Now, many of you might say: But health is not like any other commodity such as a car or petrol. Why shouldn’t medicine prices be capped?
The process of discovering cures and making medicines follows the same laws of economics and markets that making a new car design or a new aircraft engine or creating a new type of biscuit does. If anything, the chances of failure in the pharma industry could be higher and the process far more demanding in terms of monetary and time investment required to be successful.

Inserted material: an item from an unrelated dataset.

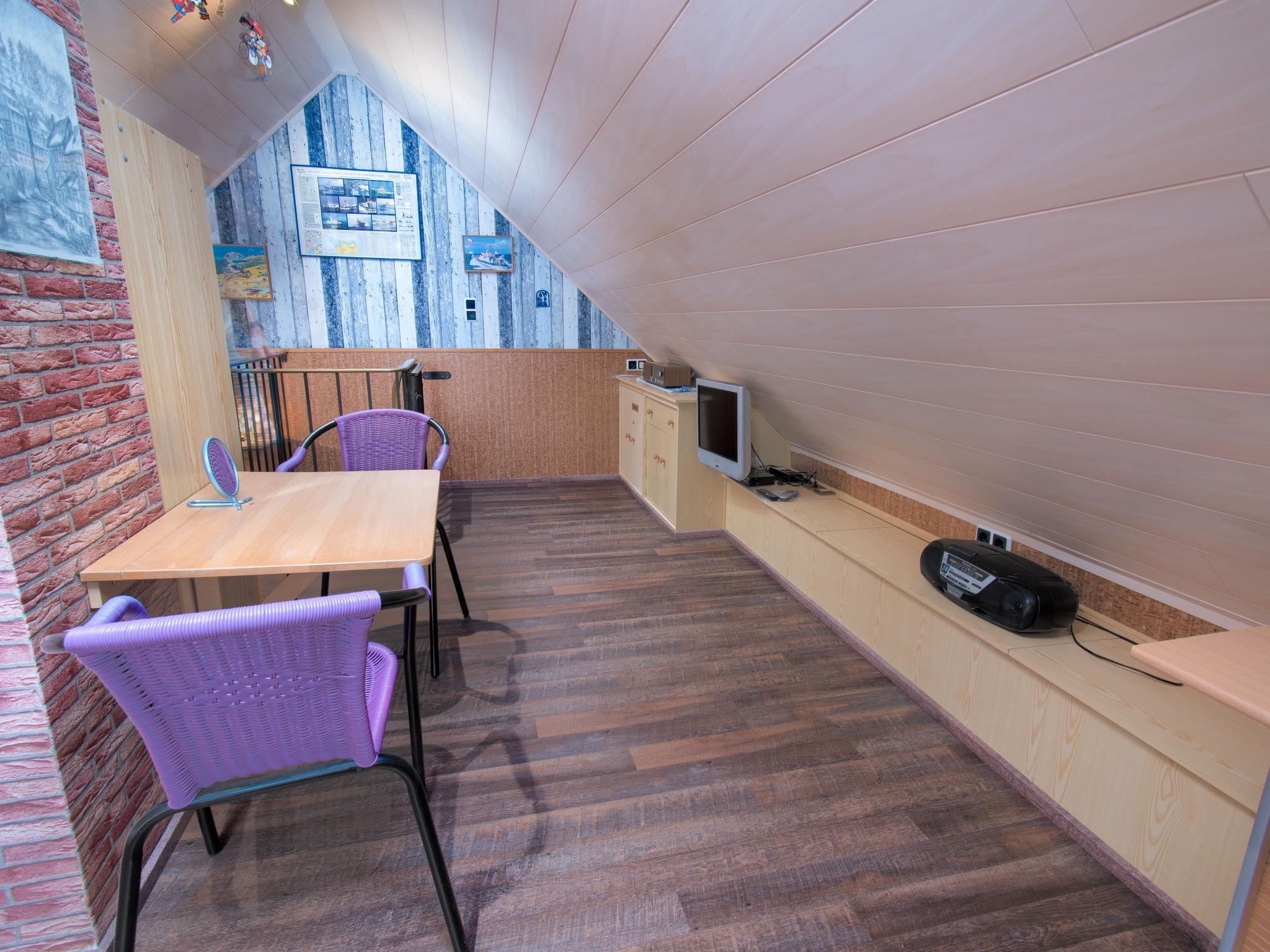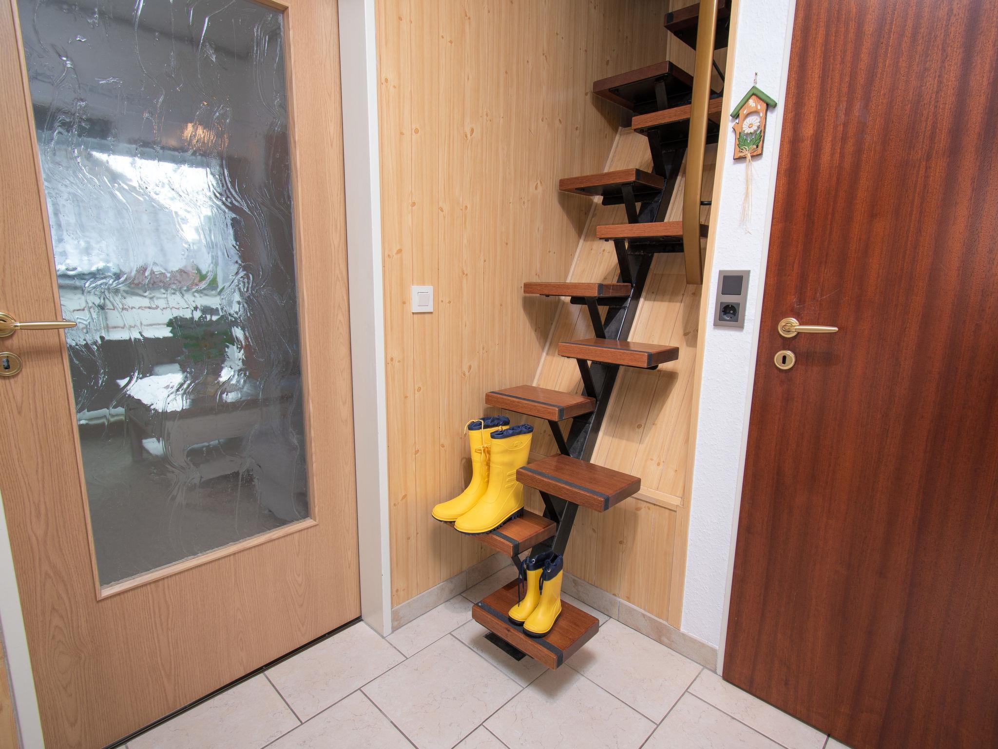 3-Zimmer-Wohnung 70 m2 auf 2 Stockwerken im 1. Stock. Wohn-/Esszimmer 20 m2 mit Digital-TV, Flachbildschirm, Stereoanlage und elektrischem Rollladen. Ausgang zum Balkon. 1 Zimmer 13 m2 mit 1 Doppelbett (2 x 90 cm, Länge 200 cm). Offene Küche (Backofen, Geschirrspüler, 4 Glaskeramikplatten, Toaster, Wasserkocher, Mikrowelle, elektrische Kaffeemaschine). Dusche/WC. Fussbodenheizung. Dachgeschoss: (steile Treppe) 1 abgeschrägtes, offenes Zimmer 15 m2 mit 2 Betten (90 cm, Länge 200 cm), Digital-TV und Flachbildschirm. Balkon 6 m2. Balkonmöbel. Zur Verfügung: Kinderhochstuhl (extra). Internet (Wireless LAN, gratis). Bitte beachten: Nichtraucher-Unterkunft. Rauchmelder. Zugang zum Dachgeschoss über steile Löffeltreppe. Badezimmer mit Regendusche.

So capping medicine prices might provide immediate relief but it also has an adverse impact.
A 2005 National Bureau of Economic Research paper found that “cutting prices by 40 to 50 per cent in the United States will lead to between 30 and 60 per cent fewer R and D projects being undertaken in the early stage of developing a new drug”. Relatively modest price changes, such as 5 or 10 per cent, would have a relatively modest impact.
How, then, to control drug prices?
Instead of capping prices, governments should realise that high prices show a demand-supply mismatch. A crucial reason why private hospitals are able to charge exorbitant prices — for drugs, tests or beds — is that there is inadequate public healthcare provisioning.
If governments invested in public healthcare and bought the essential medicines in bulk, they would have a better chance of making healthcare affordable without distorting the market.